Prima bisognava prestare giuramento e impegnarsi a prevedere nel pescato la parte per il maestro delle acque e i suoi discendenti. Ai giorni nostri tutti i pescatori bozo dalla zona di Coundou Badjé fino a Sormè rispettano il giuramento che gli avi prestarono davanti a Tiawo, altrimenti la maledizione si abbatterà sul pescatore (morte precoce, pesca infruttuosa, malattie ecc).

 

1. Il pesce

 

nome comune: pesce gatto africano (Clarias gariepinus)
nome locale: manogo (in lingua bambara)
origine e caratteristiche: pesce d’acqua dolce, onnivoro, originario del Nilo e del fiume Niger, è stato introdotto in quasi tutta l’Africa (a eccezione del Magreb) e in altre regioni del mondo (Asia, Europa e Medio Oriente). È un pesce carnoso che può raggiungere più di un metro di lunghezza, pescato e mangiato in grandi quantità in Africa occidentale. Si riproduce tra giugno e dicembre, durante la stagione delle piogge, nei delta inondati. Non si dovrebbe pescarlo, né comprarlo se non è lungo almeno sessanta centimetri. Quando è affumicato, in Mali lo si chiama Tiécouroulien: letteralmente “uomo curvo”, a causa del suo aspetto fisico. Gli avi dicevano che chiunque mangiasse il pesce gatto non affumicato, bevesse regolarmente latte fresco e dormisse al chiaro di luna, avrebbe contratto la lebbra. Così si spiega il fatto che i peulh e i sonrhaïs (tenuto conto dei loro stili di vita) non mangiavano il pesce gatto. Ancora oggi, queste etnie non amano questo pesce. Tradizionalmente, è verso la fine della stagione delle piogge, nel momento in cui le acque via via si prosciugano (mese d’ottobre) che i bambini e le donne pescano i pesci gatti.

 

2. La ricetta

 

Ingredienti:

 

- 350 g di farina di miglio

- 700 g di pesce gatto fresco (o altra specie di pesce carnoso d’acqua dolce)
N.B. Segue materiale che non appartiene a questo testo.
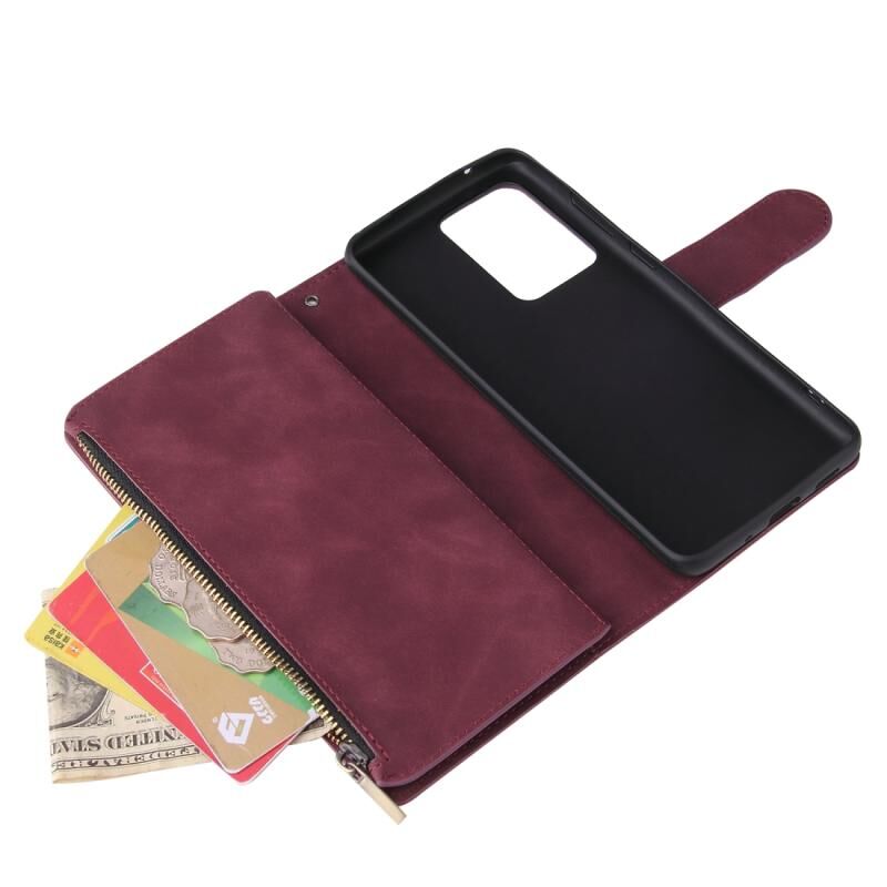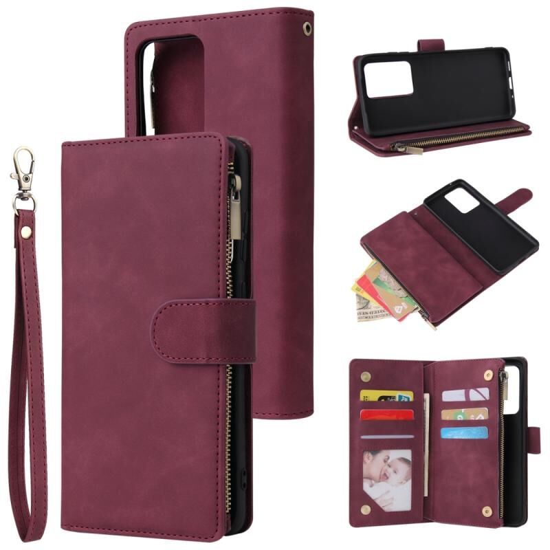 Για Galaxy S20 Ultra Πολυλειτουργική Οριζόντια Flip δερμάτινη θήκη, με υποδοχή για κάρτες & θήκη για κάρτες & φερμουάρ πορτοφόλι & κορνίζα φωτογραφιών (Κόκκινο κρασί)

- 1 cucchiaino di sumbala in polvere (spezia utilizzata in Africa occidentale, nota per il suo odore intenso, prodotta tradizionalmente con i semi dell’albero di neré o carrubo africano)

- 1 cucchiaino di peperoncino secco tritato

- sale a volontà

- 8 o 10 cucchiai d’acqua per le polpette

- ½ litro d’acqua per la preparazione

 

Preparazione:
 

- Versare ½ litro d’acqua in una pentola e metterla sul fuoco

- Lavare il pesce con mezzo cucchiaino di bicarbonato diluito in un quarto di litro d’acqua per levargli l’aspetto appiccicaticcio

- Risciacquare più volte e tagliare in pezzi medio-grossi

- Mettere il pesce pulito nella pentola insieme a tutti gli ingredienti

- Lasciare cuocere per 15 minuti a fiamma media

- Versare la farina in una zucca, aggiungere poco alla volta l’acqua, mescolare, formare delle polpette

- Aggiustare di sale la salsa

- Mescolare e aggiungere le polpette

- Lasciare cuocere molto lentamente per 15-20 minuti a fiamma bassa

- Verificare che le polpette siano cotte

- Servire

 

NB: L’acqua di cottura non deve evaporare completamente perché il piatto si serve con un po’ di salsa e senza sbriciolare il pesce.

 

Questa ricetta si può preparare anche con altri tipi di pesce carnoso.